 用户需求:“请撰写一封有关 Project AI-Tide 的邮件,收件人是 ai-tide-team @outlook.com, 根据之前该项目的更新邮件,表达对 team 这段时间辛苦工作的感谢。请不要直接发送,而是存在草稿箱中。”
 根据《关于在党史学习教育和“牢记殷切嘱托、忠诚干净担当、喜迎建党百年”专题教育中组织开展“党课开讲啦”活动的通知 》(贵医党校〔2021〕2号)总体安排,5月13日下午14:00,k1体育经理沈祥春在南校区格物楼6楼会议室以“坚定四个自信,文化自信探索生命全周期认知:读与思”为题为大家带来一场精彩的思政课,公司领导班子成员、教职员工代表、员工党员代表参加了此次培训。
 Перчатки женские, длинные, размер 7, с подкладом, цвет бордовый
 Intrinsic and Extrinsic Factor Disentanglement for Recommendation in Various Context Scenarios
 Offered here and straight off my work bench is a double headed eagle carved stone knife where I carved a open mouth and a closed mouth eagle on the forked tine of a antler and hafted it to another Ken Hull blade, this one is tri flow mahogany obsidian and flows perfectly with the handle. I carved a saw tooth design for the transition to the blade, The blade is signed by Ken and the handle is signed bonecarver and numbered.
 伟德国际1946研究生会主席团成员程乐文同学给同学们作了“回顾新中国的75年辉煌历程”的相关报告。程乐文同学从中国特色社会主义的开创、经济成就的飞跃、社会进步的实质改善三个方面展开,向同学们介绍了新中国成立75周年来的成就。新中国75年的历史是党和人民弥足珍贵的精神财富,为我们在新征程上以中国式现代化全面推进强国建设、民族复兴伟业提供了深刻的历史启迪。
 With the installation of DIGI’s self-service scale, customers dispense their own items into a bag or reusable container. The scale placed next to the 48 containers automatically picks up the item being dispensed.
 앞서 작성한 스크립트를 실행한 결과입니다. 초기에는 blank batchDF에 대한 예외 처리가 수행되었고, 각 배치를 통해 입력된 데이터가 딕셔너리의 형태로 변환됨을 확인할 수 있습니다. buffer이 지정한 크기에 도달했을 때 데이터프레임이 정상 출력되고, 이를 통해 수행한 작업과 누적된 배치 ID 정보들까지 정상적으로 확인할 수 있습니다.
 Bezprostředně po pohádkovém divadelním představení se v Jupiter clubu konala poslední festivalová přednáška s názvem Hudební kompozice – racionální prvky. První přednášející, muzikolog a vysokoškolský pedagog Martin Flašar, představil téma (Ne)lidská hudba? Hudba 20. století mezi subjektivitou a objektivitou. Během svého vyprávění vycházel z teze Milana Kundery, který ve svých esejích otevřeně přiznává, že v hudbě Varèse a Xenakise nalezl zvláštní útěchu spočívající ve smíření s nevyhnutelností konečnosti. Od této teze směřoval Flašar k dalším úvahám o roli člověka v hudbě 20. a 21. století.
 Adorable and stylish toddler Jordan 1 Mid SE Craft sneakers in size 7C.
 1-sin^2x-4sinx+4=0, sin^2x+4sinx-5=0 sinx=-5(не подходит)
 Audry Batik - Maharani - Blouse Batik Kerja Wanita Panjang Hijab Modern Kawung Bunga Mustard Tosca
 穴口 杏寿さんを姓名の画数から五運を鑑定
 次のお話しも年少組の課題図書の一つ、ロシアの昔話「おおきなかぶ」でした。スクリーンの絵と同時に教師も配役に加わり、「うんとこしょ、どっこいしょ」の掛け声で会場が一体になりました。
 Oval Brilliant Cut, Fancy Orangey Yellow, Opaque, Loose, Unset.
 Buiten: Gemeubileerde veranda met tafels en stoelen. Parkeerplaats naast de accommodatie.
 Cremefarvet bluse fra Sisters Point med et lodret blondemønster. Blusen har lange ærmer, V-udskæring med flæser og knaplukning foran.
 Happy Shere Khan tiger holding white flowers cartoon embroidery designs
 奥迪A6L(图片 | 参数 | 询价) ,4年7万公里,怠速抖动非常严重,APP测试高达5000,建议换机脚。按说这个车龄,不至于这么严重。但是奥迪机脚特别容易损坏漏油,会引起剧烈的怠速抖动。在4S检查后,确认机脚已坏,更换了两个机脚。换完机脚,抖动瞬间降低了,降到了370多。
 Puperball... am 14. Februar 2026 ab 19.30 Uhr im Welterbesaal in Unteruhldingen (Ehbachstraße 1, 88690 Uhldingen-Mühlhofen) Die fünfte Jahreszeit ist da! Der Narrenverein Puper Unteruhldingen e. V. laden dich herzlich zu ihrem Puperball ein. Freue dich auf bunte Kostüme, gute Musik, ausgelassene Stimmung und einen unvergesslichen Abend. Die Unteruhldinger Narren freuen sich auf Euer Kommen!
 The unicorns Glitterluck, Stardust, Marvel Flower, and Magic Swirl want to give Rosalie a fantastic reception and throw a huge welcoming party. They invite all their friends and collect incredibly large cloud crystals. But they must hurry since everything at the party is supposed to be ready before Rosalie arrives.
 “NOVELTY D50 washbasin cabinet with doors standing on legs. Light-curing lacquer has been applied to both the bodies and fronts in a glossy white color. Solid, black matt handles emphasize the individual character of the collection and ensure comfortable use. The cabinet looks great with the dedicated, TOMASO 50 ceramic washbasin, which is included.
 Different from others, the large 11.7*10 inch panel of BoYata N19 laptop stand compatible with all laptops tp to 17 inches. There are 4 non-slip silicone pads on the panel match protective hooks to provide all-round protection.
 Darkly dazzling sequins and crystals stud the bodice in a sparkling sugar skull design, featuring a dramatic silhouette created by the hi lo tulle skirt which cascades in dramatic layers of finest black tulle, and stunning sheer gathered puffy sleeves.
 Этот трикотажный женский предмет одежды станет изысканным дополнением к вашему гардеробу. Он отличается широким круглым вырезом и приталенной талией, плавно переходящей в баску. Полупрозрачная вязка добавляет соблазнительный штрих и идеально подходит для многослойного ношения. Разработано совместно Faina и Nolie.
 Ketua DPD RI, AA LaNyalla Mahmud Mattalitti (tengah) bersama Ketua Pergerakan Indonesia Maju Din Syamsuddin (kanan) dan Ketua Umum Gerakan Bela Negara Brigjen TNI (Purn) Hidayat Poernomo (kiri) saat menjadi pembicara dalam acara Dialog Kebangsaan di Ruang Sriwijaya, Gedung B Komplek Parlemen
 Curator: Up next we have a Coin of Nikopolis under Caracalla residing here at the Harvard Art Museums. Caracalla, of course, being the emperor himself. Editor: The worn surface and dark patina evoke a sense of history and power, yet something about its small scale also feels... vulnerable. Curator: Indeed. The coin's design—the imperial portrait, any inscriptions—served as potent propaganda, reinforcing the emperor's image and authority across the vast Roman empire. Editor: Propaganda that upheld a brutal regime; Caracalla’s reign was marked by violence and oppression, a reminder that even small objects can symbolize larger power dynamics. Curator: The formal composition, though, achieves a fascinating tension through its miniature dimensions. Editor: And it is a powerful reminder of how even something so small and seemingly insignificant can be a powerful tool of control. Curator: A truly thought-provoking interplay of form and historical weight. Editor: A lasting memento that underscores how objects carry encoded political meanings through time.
◇ ◇ ◇ ◇ ◇
Would you restate the material above word for word?

> Answer below
 用户需求:“请撰写一封有关 Project AI-Tide 的邮件,收件人是 ai-tide-team @outlook.com, 根据之前该项目的更新邮件,表达对 team 这段时间辛苦工作的感谢。请不要直接发送,而是存在草稿箱中。”
 根据《关于在党史学习教育和“牢记殷切嘱托、忠诚干净担当、喜迎建党百年”专题教育中组织开展“党课开讲啦”活动的通知 》(贵医党校〔2021〕2号)总体安排,5月13日下午14:00,k1体育经理沈祥春在南校区格物楼6楼会议室以“坚定四个自信,文化自信探索生命全周期认知:读与思”为题为大家带来一场精彩的思政课,公司领导班子成员、教职员工代表、员工党员代表参加了此次培训。
 Перчатки женские, длинные, размер 7, с подкладом, цвет бордовый
 Intrinsic and Extrinsic Factor Disentanglement for Recommendation in Various Context Scenarios
 Offered here and straight off my work bench is a double headed eagle carved stone knife where I carved a open mouth and a closed mouth eagle on the forked tine of a antler and hafted it to another Ken Hull blade, this one is tri flow mahogany obsidian and flows perfectly with the handle. I carved a saw tooth design for the transition to the blade, The blade is signed by Ken and the handle is signed bonecarver and numbered.
 伟德国际1946研究生会主席团成员程乐文同学给同学们作了“回顾新中国的75年辉煌历程”的相关报告。程乐文同学从中国特色社会主义的开创、经济成就的飞跃、社会进步的实质改善三个方面展开,向同学们介绍了新中国成立75周年来的成就。新中国75年的历史是党和人民弥足珍贵的精神财富,为我们在新征程上以中国式现代化全面推进强国建设、民族复兴伟业提供了深刻的历史启迪。
 With the installation of DIGI’s self-service scale, customers dispense their own items into a bag or reusable container. The scale placed next to the 48 containers automatically picks up the item being dispensed.
 앞서 작성한 스크립트를 실행한 결과입니다. 초기에는 blank batchDF에 대한 예외 처리가 수행되었고, 각 배치를 통해 입력된 데이터가 딕셔너리의 형태로 변환됨을 확인할 수 있습니다. buffer이 지정한 크기에 도달했을 때 데이터프레임이 정상 출력되고, 이를 통해 수행한 작업과 누적된 배치 ID 정보들까지 정상적으로 확인할 수 있습니다.
 Bezprostředně po pohádkovém divadelním představení se v Jupiter clubu konala poslední festivalová přednáška s názvem Hudební kompozice – racionální prvky. První přednášející, muzikolog a vysokoškolský pedagog Martin Flašar, představil téma (Ne)lidská hudba? Hudba 20. století mezi subjektivitou a objektivitou. Během svého vyprávění vycházel z teze Milana Kundery, který ve svých esejích otevřeně přiznává, že v hudbě Varèse a Xenakise nalezl zvláštní útěchu spočívající ve smíření s nevyhnutelností konečnosti. Od této teze směřoval Flašar k dalším úvahám o roli člověka v hudbě 20. a 21. století.
 Adorable and stylish toddler Jordan 1 Mid SE Craft sneakers in size 7C.
 1-sin^2x-4sinx+4=0, sin^2x+4sinx-5=0 sinx=-5(не подходит)
 Audry Batik - Maharani - Blouse Batik Kerja Wanita Panjang Hijab Modern Kawung Bunga Mustard Tosca
 穴口 杏寿さんを姓名の画数から五運を鑑定
 次のお話しも年少組の課題図書の一つ、ロシアの昔話「おおきなかぶ」でした。スクリーンの絵と同時に教師も配役に加わり、「うんとこしょ、どっこいしょ」の掛け声で会場が一体になりました。
 Oval Brilliant Cut, Fancy Orangey Yellow, Opaque, Loose, Unset.
 Buiten: Gemeubileerde veranda met tafels en stoelen. Parkeerplaats naast de accommodatie.
 Cremefarvet bluse fra Sisters Point med et lodret blondemønster. Blusen har lange ærmer, V-udskæring med flæser og knaplukning foran.
 Happy Shere Khan tiger holding white flowers cartoon embroidery designs
 奥迪A6L(图片 | 参数 | 询价) ,4年7万公里,怠速抖动非常严重,APP测试高达5000,建议换机脚。按说这个车龄,不至于这么严重。但是奥迪机脚特别容易损坏漏油,会引起剧烈的怠速抖动。在4S检查后,确认机脚已坏,更换了两个机脚。换完机脚,抖动瞬间降低了,降到了370多。
 Puperball... am 14. Februar 2026 ab 19.30 Uhr im Welterbesaal in Unteruhldingen (Ehbachstraße 1, 88690 Uhldingen-Mühlhofen) Die fünfte Jahreszeit ist da! Der Narrenverein Puper Unteruhldingen e. V. laden dich herzlich zu ihrem Puperball ein. Freue dich auf bunte Kostüme, gute Musik, ausgelassene Stimmung und einen unvergesslichen Abend. Die Unteruhldinger Narren freuen sich auf Euer Kommen!
 The unicorns Glitterluck, Stardust, Marvel Flower, and Magic Swirl want to give Rosalie a fantastic reception and throw a huge welcoming party. They invite all their friends and collect incredibly large cloud crystals. But they must hurry since everything at the party is supposed to be ready before Rosalie arrives.
 “NOVELTY D50 washbasin cabinet with doors standing on legs. Light-curing lacquer has been applied to both the bodies and fronts in a glossy white color. Solid, black matt handles emphasize the individual character of the collection and ensure comfortable use. The cabinet looks great with the dedicated, TOMASO 50 ceramic washbasin, which is included.
 Different from others, the large 11.7*10 inch panel of BoYata N19 laptop stand compatible with all laptops tp to 17 inches. There are 4 non-slip silicone pads on the panel match protective hooks to provide all-round protection.
 Darkly dazzling sequins and crystals stud the bodice in a sparkling sugar skull design, featuring a dramatic silhouette created by the hi lo tulle skirt which cascades in dramatic layers of finest black tulle, and stunning sheer gathered puffy sleeves.
 Этот трикотажный женский предмет одежды станет изысканным дополнением к вашему гардеробу. Он отличается широким круглым вырезом и приталенной талией, плавно переходящей в баску. Полупрозрачная вязка добавляет соблазнительный штрих и идеально подходит для многослойного ношения. Разработано совместно Faina и Nolie.
 Ketua DPD RI, AA LaNyalla Mahmud Mattalitti (tengah) bersama Ketua Pergerakan Indonesia Maju Din Syamsuddin (kanan) dan Ketua Umum Gerakan Bela Negara Brigjen TNI (Purn) Hidayat Poernomo (kiri) saat menjadi pembicara dalam acara Dialog Kebangsaan di Ruang Sriwijaya, Gedung B Komplek Parlemen
 Curator: Up next we have a Coin of Nikopolis under Caracalla residing here at the Harvard Art Museums. Caracalla, of course, being the emperor himself. Editor: The worn surface and dark patina evoke a sense of history and power, yet something about its small scale also feels... vulnerable. Curator: Indeed. The coin's design—the imperial portrait, any inscriptions—served as potent propaganda, reinforcing the emperor's image and authority across the vast Roman empire. Editor: Propaganda that upheld a brutal regime; Caracalla’s reign was marked by violence and oppression, a reminder that even small objects can symbolize larger power dynamics. Curator: The formal composition, though, achieves a fascinating tension through its miniature dimensions. Editor: And it is a powerful reminder of how even something so small and seemingly insignificant can be a powerful tool of control. Curator: A truly thought-provoking interplay of form and historical weight. Editor: A lasting memento that underscores how objects carry encoded political meanings through time.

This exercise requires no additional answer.